** What to produce **
Repeat the listing exactly as given, omitting every image.

** Data **
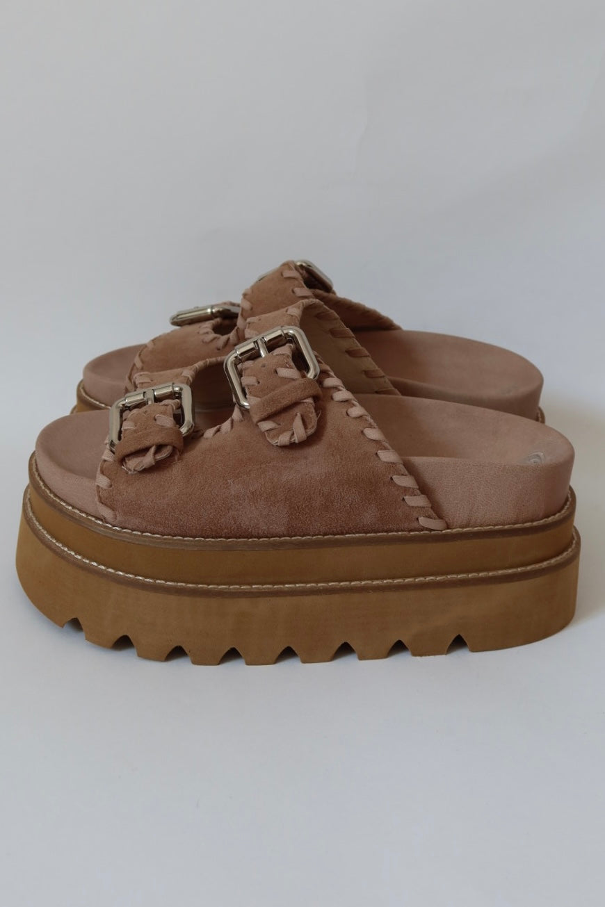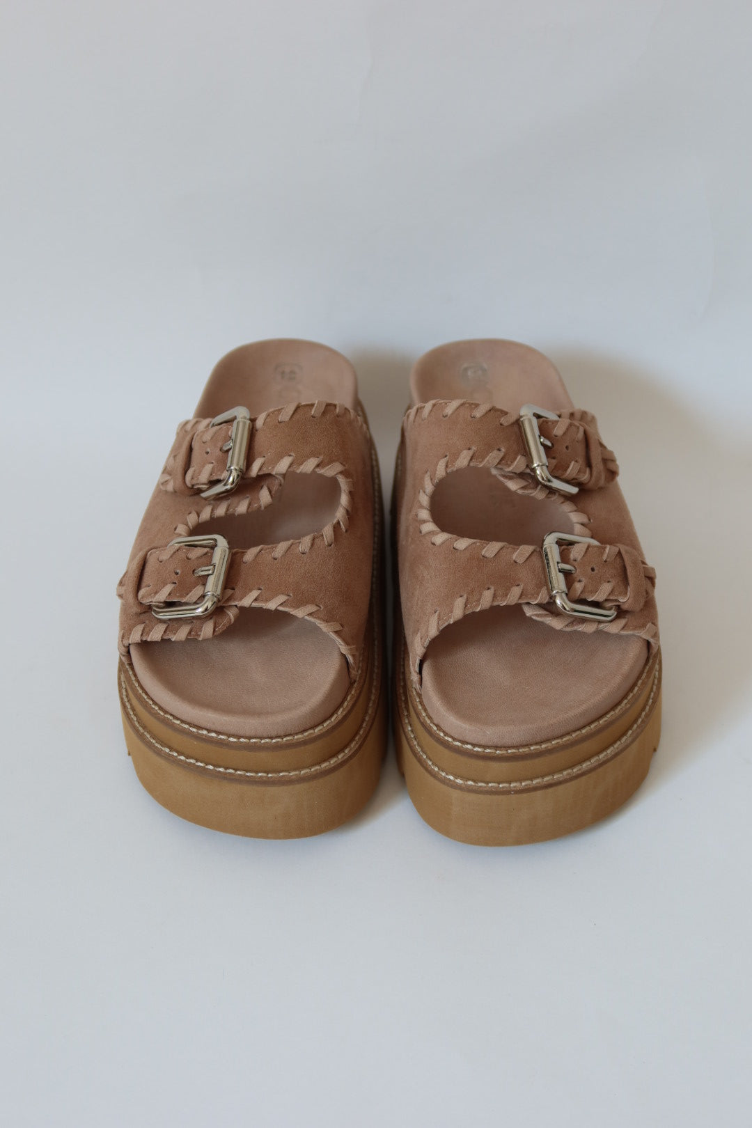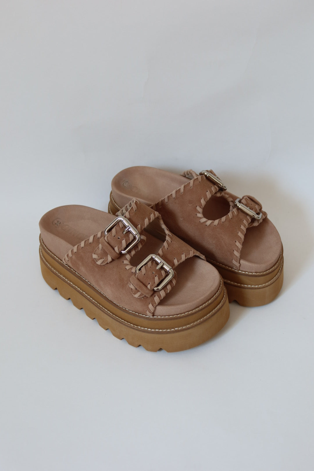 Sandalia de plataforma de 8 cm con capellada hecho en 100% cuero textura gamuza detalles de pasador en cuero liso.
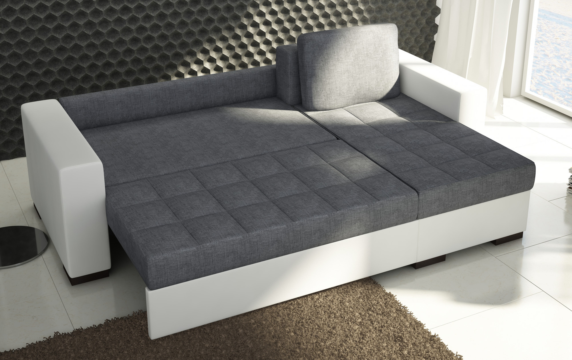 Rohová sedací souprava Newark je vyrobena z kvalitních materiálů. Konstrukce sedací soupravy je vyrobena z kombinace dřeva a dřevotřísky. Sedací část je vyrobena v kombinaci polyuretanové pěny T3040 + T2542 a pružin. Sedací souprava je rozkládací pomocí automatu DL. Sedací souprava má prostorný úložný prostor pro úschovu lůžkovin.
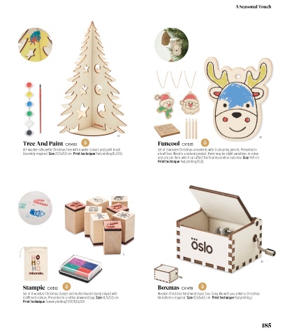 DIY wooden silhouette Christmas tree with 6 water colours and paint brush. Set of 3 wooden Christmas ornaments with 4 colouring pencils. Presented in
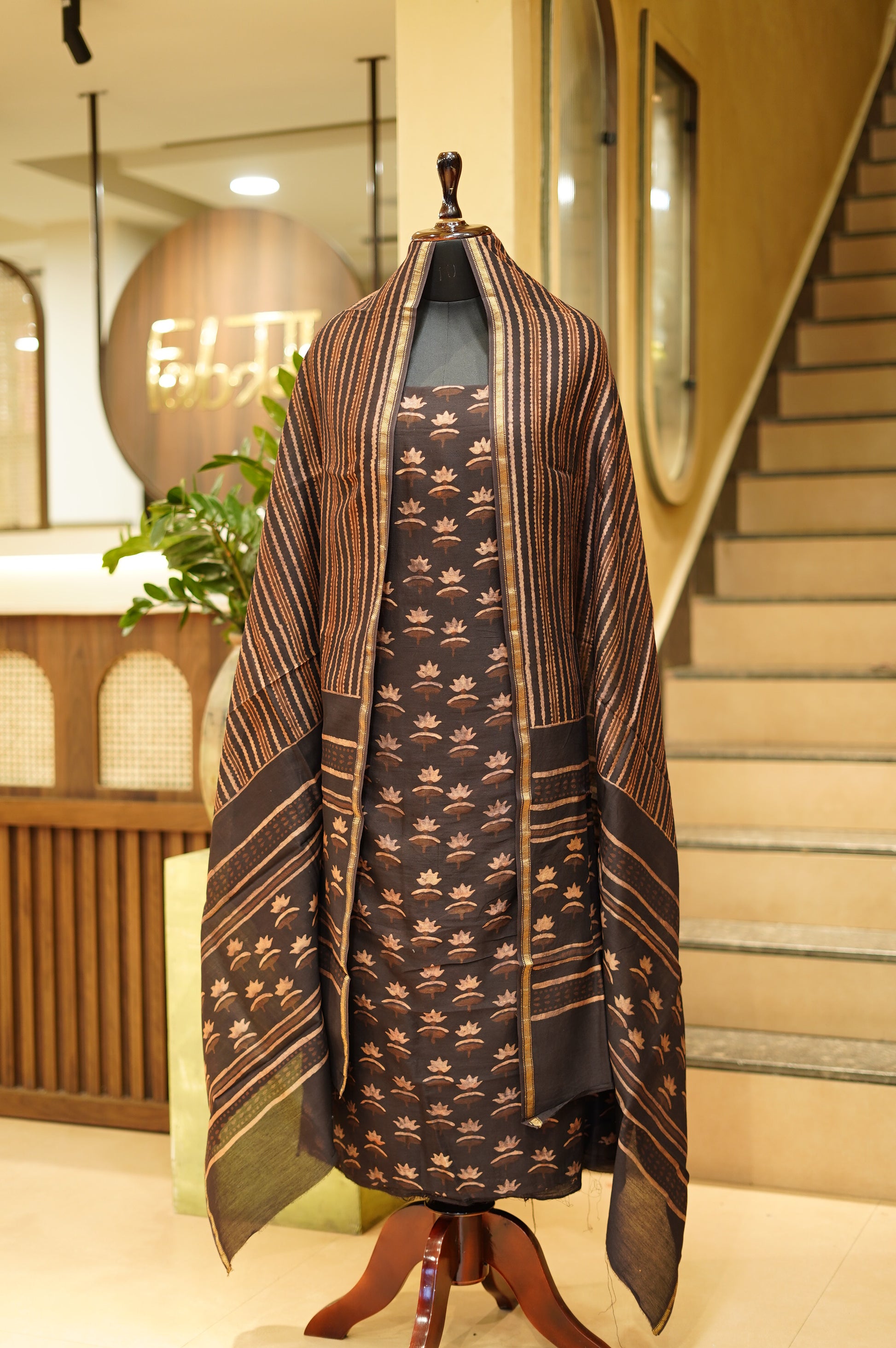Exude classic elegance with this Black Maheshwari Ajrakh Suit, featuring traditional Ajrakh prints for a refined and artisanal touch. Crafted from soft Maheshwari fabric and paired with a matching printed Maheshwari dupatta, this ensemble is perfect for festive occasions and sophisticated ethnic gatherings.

** Output **
 Sandalia de plataforma de 8 cm con capellada hecho en 100% cuero textura gamuza detalles de pasador en cuero liso.
 Rohová sedací souprava Newark je vyrobena z kvalitních materiálů. Konstrukce sedací soupravy je vyrobena z kombinace dřeva a dřevotřísky. Sedací část je vyrobena v kombinaci polyuretanové pěny T3040 + T2542 a pružin. Sedací souprava je rozkládací pomocí automatu DL. Sedací souprava má prostorný úložný prostor pro úschovu lůžkovin.
 DIY wooden silhouette Christmas tree with 6 water colours and paint brush. Set of 3 wooden Christmas ornaments with 4 colouring pencils. Presented in
Exude classic elegance with this Black Maheshwari Ajrakh Suit, featuring traditional Ajrakh prints for a refined and artisanal touch. Crafted from soft Maheshwari fabric and paired with a matching printed Maheshwari dupatta, this ensemble is perfect for festive occasions and sophisticated ethnic gatherings.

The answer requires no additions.